One of the biggest risks is that AI is learning to solve the wrong problems. This allows you to create content faster, but speed alone doesn’t improve learning. Instead, it can lead to content banality at scale. That means more slides, quizzes, and modules, but less depth of instruction, less originality, and a poorer learner experience. It can also create what I call the “little god” effect: the illusion that meaningful learning is also designed because the content is instantaneously generated. Without strong instructional design, content bloat and poor quality can quickly occur.
The second risk is cognitive offload combined with over-reliance on AI. When learners receive immediate answers, simplified summaries, and predictable feedback, they can become less motivated to learn. As we are already aware of happening, critical thinking, reflection, and judgment can weaken over time.

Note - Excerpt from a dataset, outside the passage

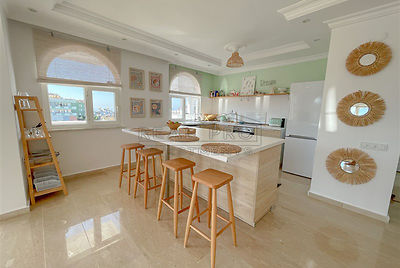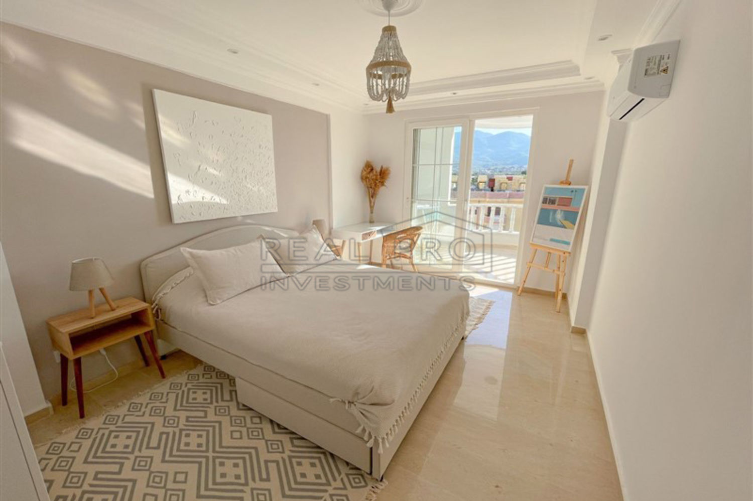 - Spacious fully renovated flat with a total area of 115 m², located on the eighth floor, consisting of a living room combined with an open kitchen, two bedrooms, two bathrooms - equipped with showers - and two open balconies with stunning views of the green slopes of the Taurus Mountains. The modern design of the flats is made in eco-style and every detail has been thought through and corresponds to the general idea.

Another serious risk is AI hallucinations. Large-scale language models can produce output that sounds fluent, confident, and trustworthy, even when it’s inaccurate, misleading, or outright wrong. In learning situations, this is especially dangerous. This is because learners may trust an answer simply because it is well written. When this is combined with weak review processes, poor prompts, or lack of instructional guardrails, AI can spread confusion rather than support understanding.

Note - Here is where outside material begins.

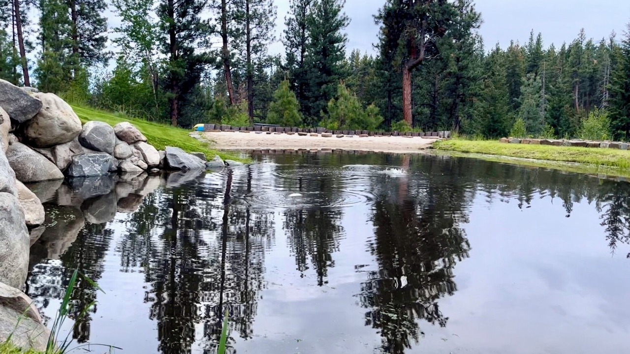 Without even leaving the property, even young anglers can reel in impressive trout ranging from 9 to 22 inches just a few steps from the back porch. The pond includes a sandy beach area with kayaks, canoes, paddle boat, paddle board, beach toys, and even a 15 foot rock wall for jumping in. In winter, the pond transforms into a delightful ice skating rink, equipped with an array of ice skates to fit every member of the family.

So, if AI not only speeds up learning but also flattens it, meaningful L&D journeys can be hampered.
However, my view is optimistic. These are no reasons to back away from AI. They are a reason to design better.
What are the most overlooked opportunities for AI in learning, and why should organizations move from content generation to designing meaningful learning experiences as they implement this new technology?
One of the most overlooked opportunities is that AI can help move from information provision to capacity building. Most organizations still use AI primarily to generate content faster. But the real value lies in designing learning experiences that are more adaptable, more contextual, and more hands-on.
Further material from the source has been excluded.